Thanks for posting this, very interesting and informative. I was unaware of the part played by selenium and other minerals in the role of bovine immunity to respiratory disease . I knew that bread in this country was deficient in selenium because it has been leeched from the soil the wheat is grown in and because of this I've taken a selenium supplement for years.

On the poor husbandry aspect I saw a video a while back recorded by a group opposed to the cull. It was done at a cattle market and it was quite shocking to see only one farmer actually immersing his boots in the disinfectant provided.


----------



## The Wanderer

Now it appears that moronic Owen Patterson and his pro-cull friends may have actually mad matters worse with the cull the experts warned against.

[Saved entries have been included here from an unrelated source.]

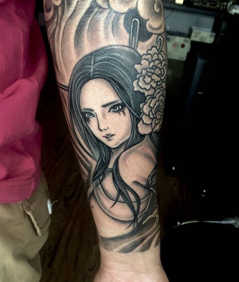 旧纹身修改!纹身图片_成品手臂传统人物纹身图案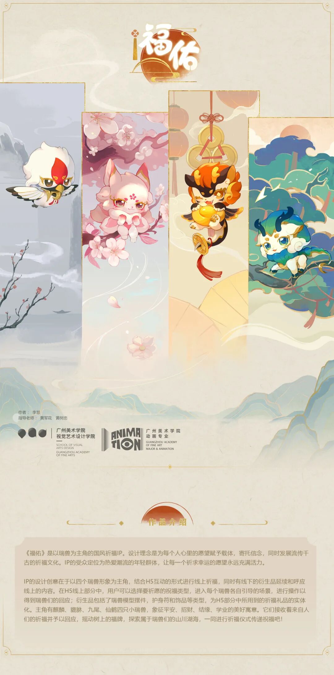 作品简介:《福佑》是以瑞兽为主角的国风祈福IP。主题为流传至今的祈福文化,设计理念是为每个人心里的愿望赋予载体,寄托信念。受众定位为热爱潮流的年轻群体,让每一个祈求幸运的愿望永远充满活力。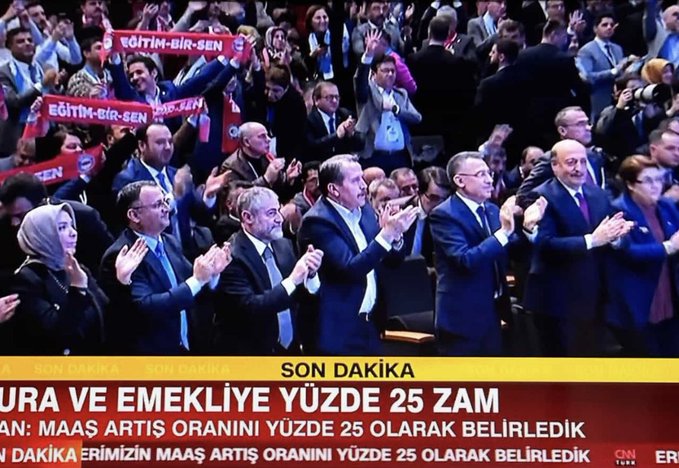 Cumhurbaşkanı Erdoğan, memura ve emekliye yapılacak zammı yüzde 25 olarak duyurdu. Erdoğan bu “müjdesini” Memur Sendikaları Konfederasyonu (Memur-Sen) toplantısında açıkladı. Memur-Sen Genel Başkanı Ali Yalçın, yüzde 25’lik zam açıklamasını ayakta alkışladı.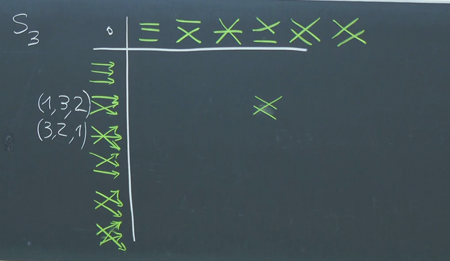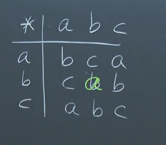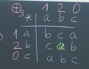 Here, corresponds to , to , and to . The operation becomes (addition modulo 3). For example:
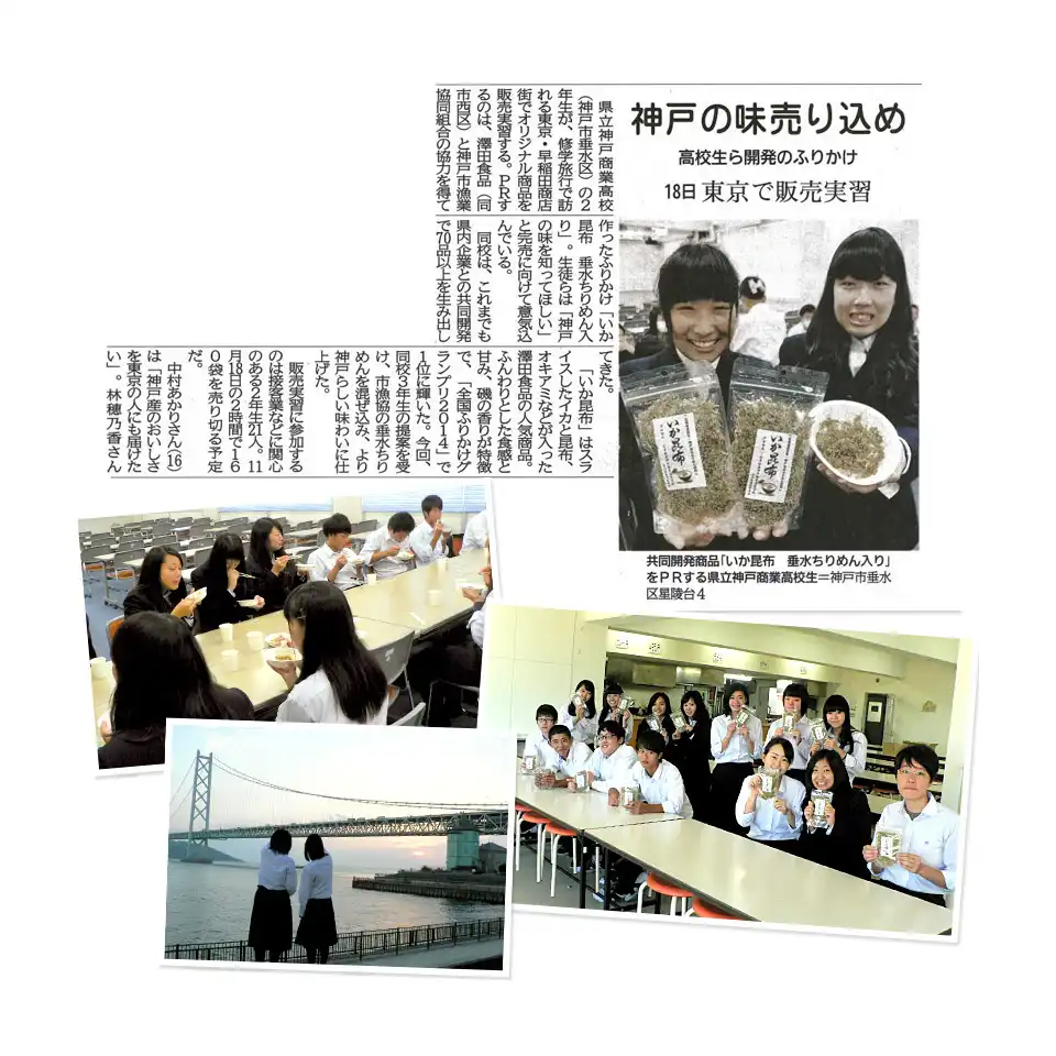 当社では、神戸市漁業協同組合の協力のもと、実践的な商業教育の一環として兵庫県立神戸商業高等学校の生徒の方々と共に、共同開発事業を行っています。活動のなか、当社製品の主力商品である「いか昆布」をベースに「垂水ちりめん」をふんだんに使用、「いか昆布 垂水ちりめん入り」として、より旨味ある商品として製品化を実現しました。また同商品は、平成28年度「五つ星ひょうご」商品としても選定されています。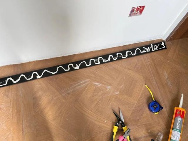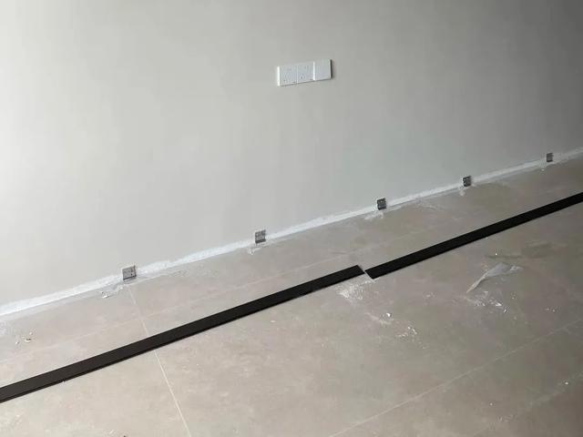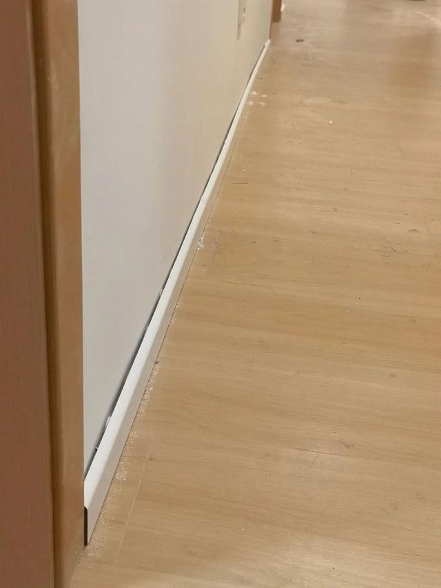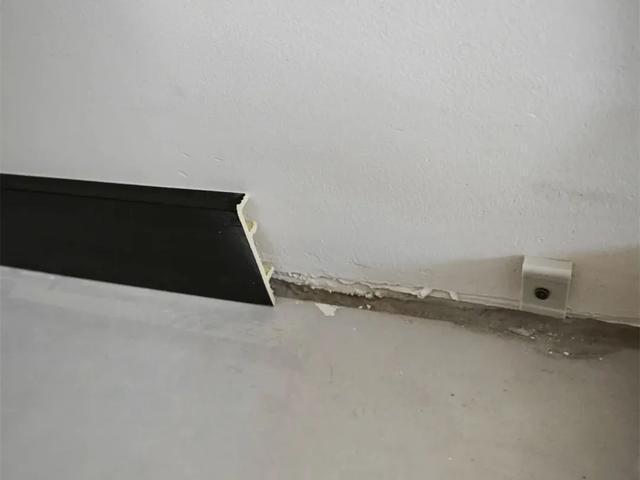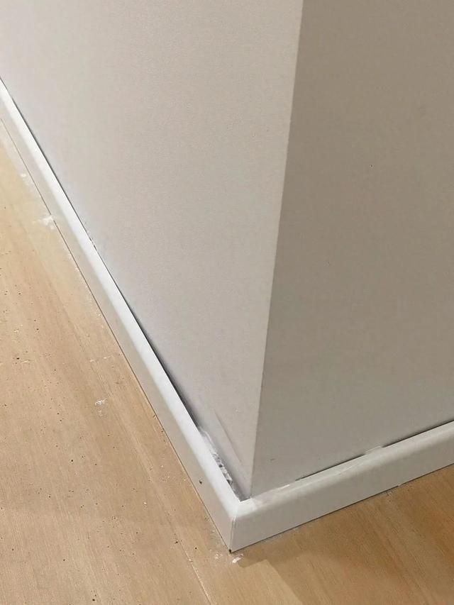 ②预留伸缩缝——踢脚线接缝处要留1-2mm的缝隙,不要顶死,避免热胀冷缩导致踢脚线拱起脱落。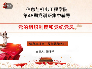 11月9日晚,我校信息与机电工程学院第48期入党积极分子培训班第四次专题党课“深入学习党的组织制度和党纪党风”于八教205和八教105正式开讲。本次党课由信息与机电工程学院院长陈继锋主讲,第48期全体入党积极分子参与学习。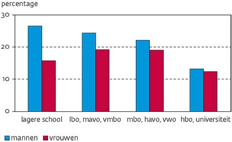 In de jaren vijftig van de vorige eeuw rookte meer dan 80% van de mannen en 30% van de vrouwen. In 2012 rookte 27% van alle mannen in Nederland van 15 jaar en ouder en 25% van alle vrouwen. Er bestaat zowel bij mannen als vrouwen een duidelijke relatie tussen opleidingsniveau en roken: de laagst opgeleide mannen hebben, vergeleken met de hoogst opgeleide mannen, een vier keer zo grote kans om roker te worden; bij vrouwen is die kans drie keer zo groot [figuur 1].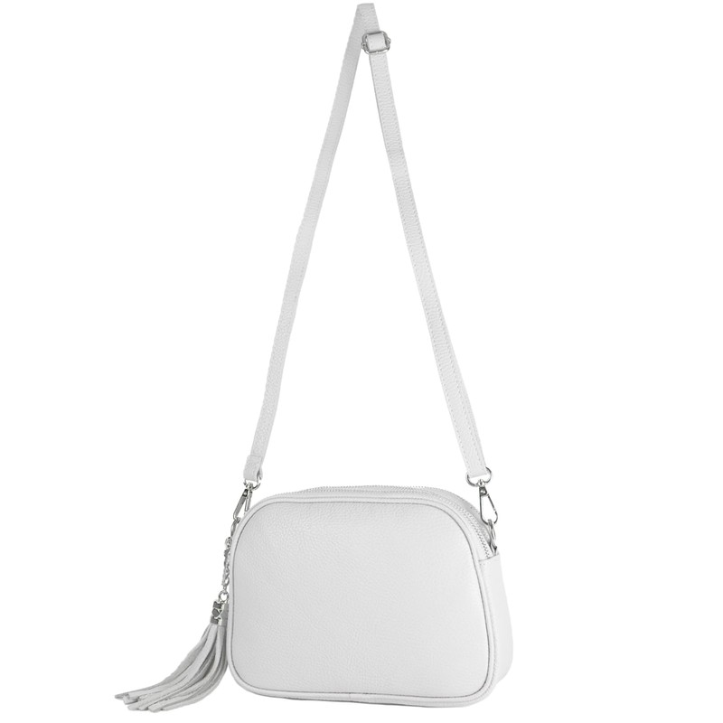 modamoda de - T238 Italian Women's Shoulder Bag Leather Medium, White, Sporty, elegant

Failed Gloucestershire badger cull may have increased TB risk for cattle | Environment | theguardian.com


----------



## kettykev

Surely the reason they did not kill enough badgers is down to the actions of protesters, meaning that all those badgers died for nothing and could now lead to more outbreaks due to perturbation.


----------



## Mynki

kettykev said:


> Surely the reason they did not kill enough badgers is down to the actions of protesters,


No, all the protesters did was run up a huge bill for the tax payer to pay for the additional policing. Bunches of argumentative, loony lefties protesting for the sake of protesting rarely if ever, achieve anything these days? 

The pilot was only ever to see if the logistics of culling the badgers were feasible. In the sense that the riflemen could shoot and trap the animals effectively. As far as I'm aware the culled animals were not even tested for tb. 

But wild animals are exactly that, wild. Anyone who's ever been out trying to watch wildlife knows there is never any guarantees of seeing anything, let alone getting into a position to shoot it. So them not meeting their target is not a massive surprise really. It's possible that the original numbers estimated were very wrong too, afterall it's not as if Brock and his mates are all wearing radio collars is it?

Be very wary of the stuff you read in the Guardian, the spin is amusing but sadly a lot of their stories lead the less intelligent readers to believe what they're reading is gospel and not anti government spin and propaganda.


----------



## The Wanderer

The opinion of those materialistic idiots who get their kicks slaughtering animals is of course far superior :whistling2:


----------



## Mynki

Sure is. Meat eaters and veggies / vegans should be thankful there are those out there man enough to slaughter animals, domesticated and wild for food. What would those unable to man up to the task do without them?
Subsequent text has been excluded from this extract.